По хате прокатился угрюмый смешок. Все потянулись к учителю, напирая друг на друга, пытаясь дотронуться до кандалов.
– Дайте-ка эту эмбдемию сюда, господин, – сказал Аниська учителю. – Пусть полежит пока. Кого-нибудь еще в них закуем.
– Кого же теперь заковывать? – недоуменно спросил учитель. – Не понимаю…
Аниська презрительно прижмурился:
– Неужто некого?
Учитель пожал плечами.
– Звание политического каторжанина делает вам честь. У меня брат, студент, тоже сидел в тюрьме. Он – социалист-революционер. И я тоже… Советую и вам ознакомиться с нашей программой. Вы должны уяснить некоторые истины.
– Учить хотите? – усмехнулся Аниська. Так я уже ученый. Кровавые рубцы на спине имею от старого режима. И что обидно: те, кто подводили нас под пули да под смоленые бечевы, живут да поживают и хомута с нашей шеи снимать не собираются, хотя царю и дали по шапке. Объясните мне, ученый человек, почему это так?
В хате водворилось молчание, потом, как поток сквозь запруду, прорвались голоса:
– Верно, Егорыч, царя прогнали, а царенята остались. Поляка как сосал кровицу, так и зараз сосет.
– И в правлении опять кожелупы сидят!
– Слышите? – спросил Аниська, обернувшись к учителю. – Оказывается, не все кончено. Порядок придется наводить.
Учитель пробормотал что-то невнятное, поспешил протиснуться к выходу…
Хата опустела, и только под закоптелым потолком все еще висел бирюзовый махорочный дым да на глиняном полу валились растоптанные окурки.
Федора убирала со стола остывший чайник, стаканы.

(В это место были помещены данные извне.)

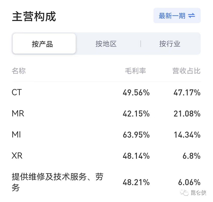 對(duì)比之后我們會(huì)發(fā)現(xiàn)邁瑞和聯(lián)影只在影像設(shè)備領(lǐng)域存在交集,且二者目前只在 X 射線成像系統(tǒng)(XR)這一細(xì)分市場中會(huì)產(chǎn)生競爭關(guān)系,且兩者在該領(lǐng)域的營收都有限,都不是主力產(chǎn)品。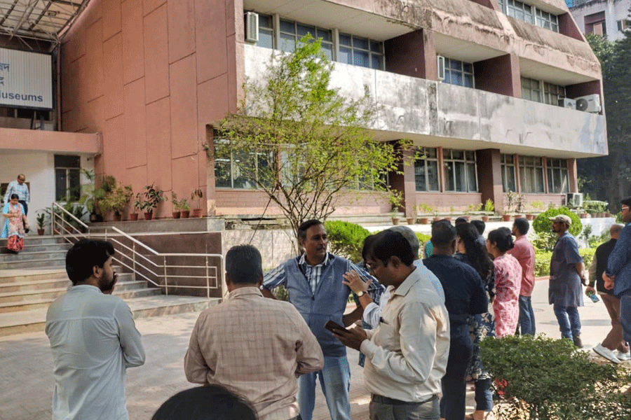 Office employees have left their office and taken to the streets in fear of the earthquake at Sector V on Friday morning. Picture by Amit Datta.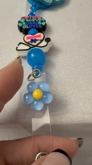 Bring personality and positivity to every shift with our Nurse Life Beaded Badge Reel! This fun and functional piece features vibrant nurse-themed charms that proudly say Coffee, Scrubs & Rubber Gloves — the essentials of nurse life! Accented with bright blue beads and topped off with a whimsical flower spinner charm, this badge reel adds movement, sparkle, and a smile to your workday.
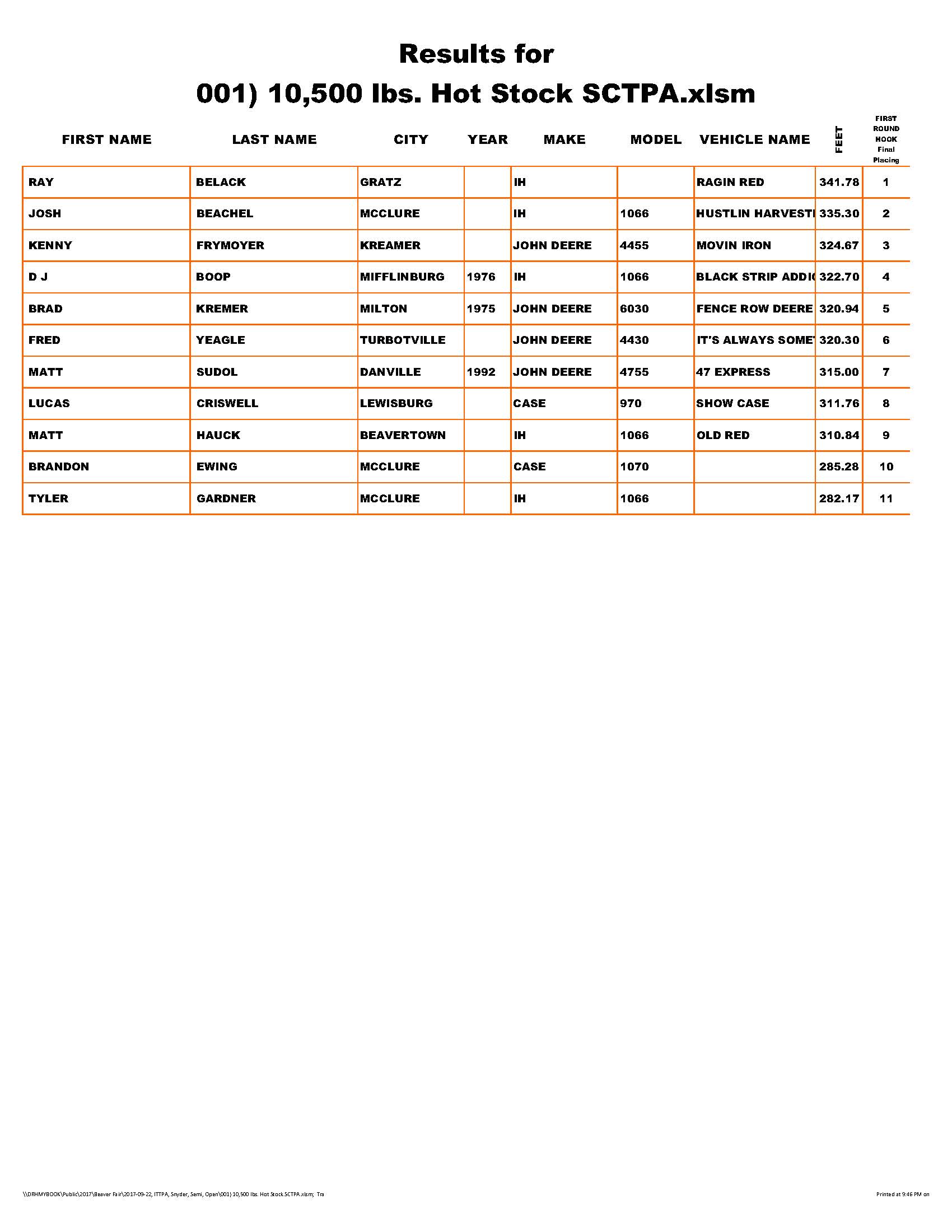 DUE TO MECHANICAL BREAKDOWN OF THE COMPETITION SLED ONLY ONE CLASS WAS COMPLETED ON FRIDAY EVENING.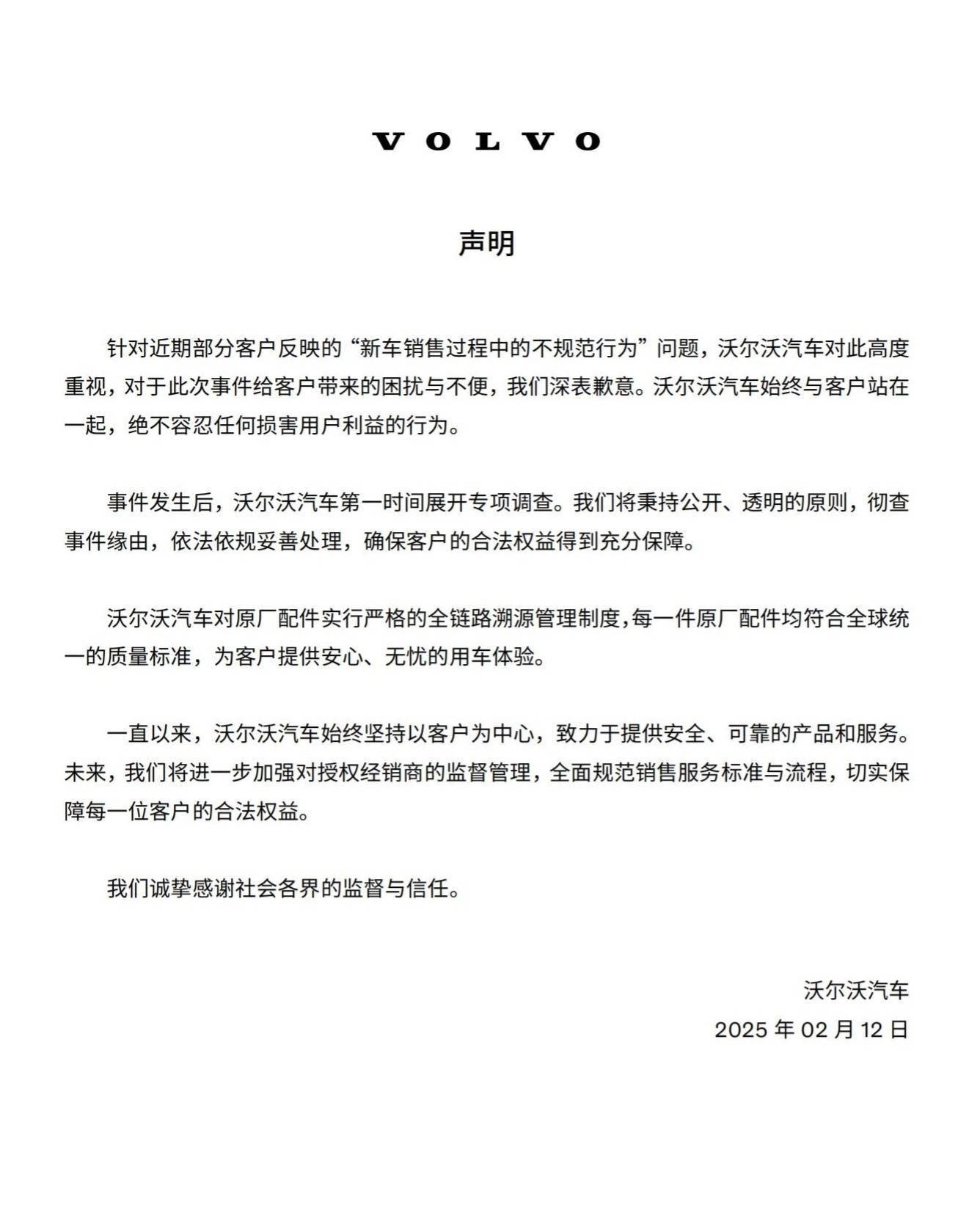 面对这一丑闻,沃尔沃官方于2月12日发表声明,表示高度重视此事,并对给客户带来的困扰与不便表示歉意。然而,声明中并未立即提出具体的解决方案,而是将责任归咎于部分经销商的行为。这种态度让消费者感到不满,他们更关心的是如何获得合理的补偿。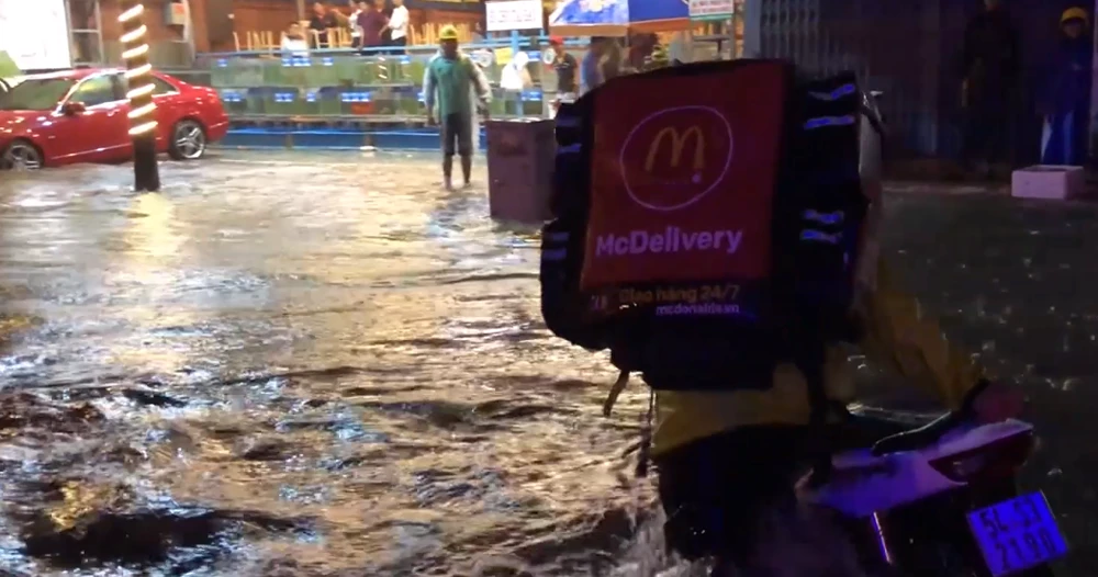 Ảnh hưởng của áp thấp gây mưa lớn ở TP.HCM. Ảnh nước ngập cả mét trên đường Nguyễn Hữu Cảnh đêm 1-6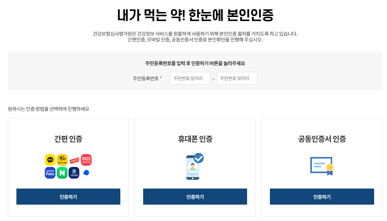 또 다른 방법은 건강보험 심사평가원에서 제공하는 "내가 먹는 약! 한눈에" 서비스입니다.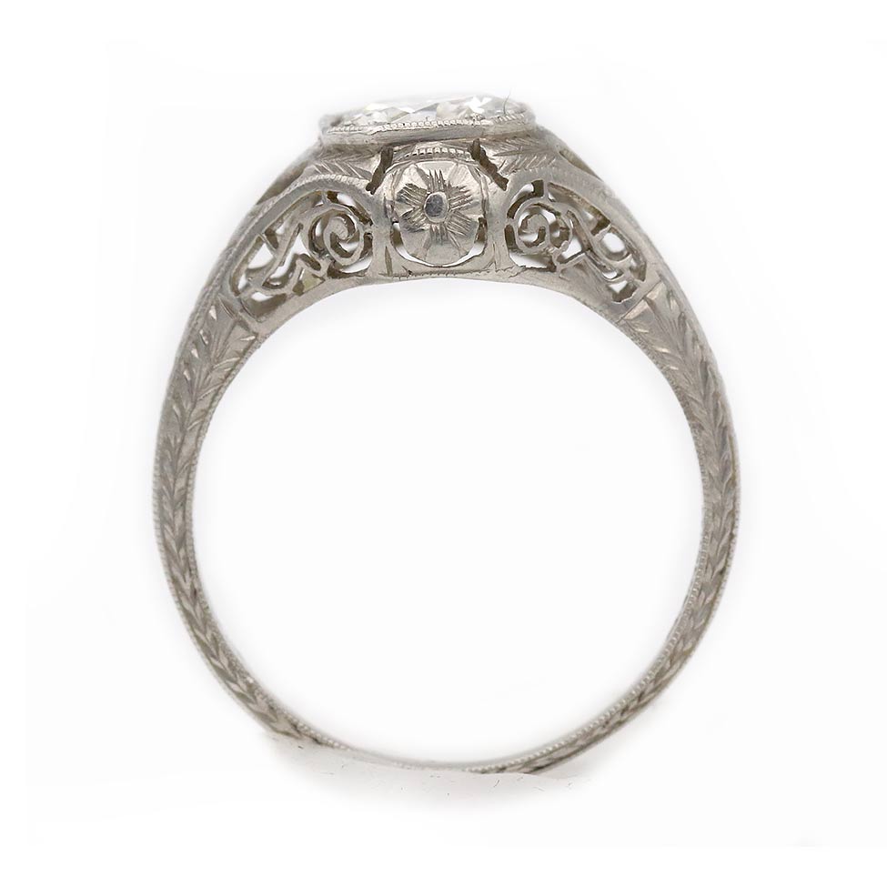 The Missie ring is an authentic vintage engagement ring from the Art Deco Era circa 1930s. The ring features a .68 carat GIA certified old European cut diamond of H color, VS2 clarity, residing in a geometric octagonal frame, flanked by open navette frames. Beautifully crafted in gleaming platinum, accentuated with swirls of metal work and filigree engravings. A rare, one of a kind vintage treasure. In excellent condition.

Нервно пощипывая бородку, Аниська вышел во двор. Его томило новое, неясное чувство. Он еще не мог уяснить себе, чего хотелось ему, но встреча с друзьями, настороженность некоторых хуторян беспокоили его все больше.
Тяжелая мгла ночи охватила его. Из-за Мертвого Донца тянуло болотной гнилью, точно из погреба. Займища были черны, и только единственный желтый огонек дрожал где-то у самого кордона. Да, кордон стоял на старом месте! И рыбаки, невидимому, так же ездили от нужды в заповедники, и Емелька Шарапов торговал рыбацкими потом и кровью.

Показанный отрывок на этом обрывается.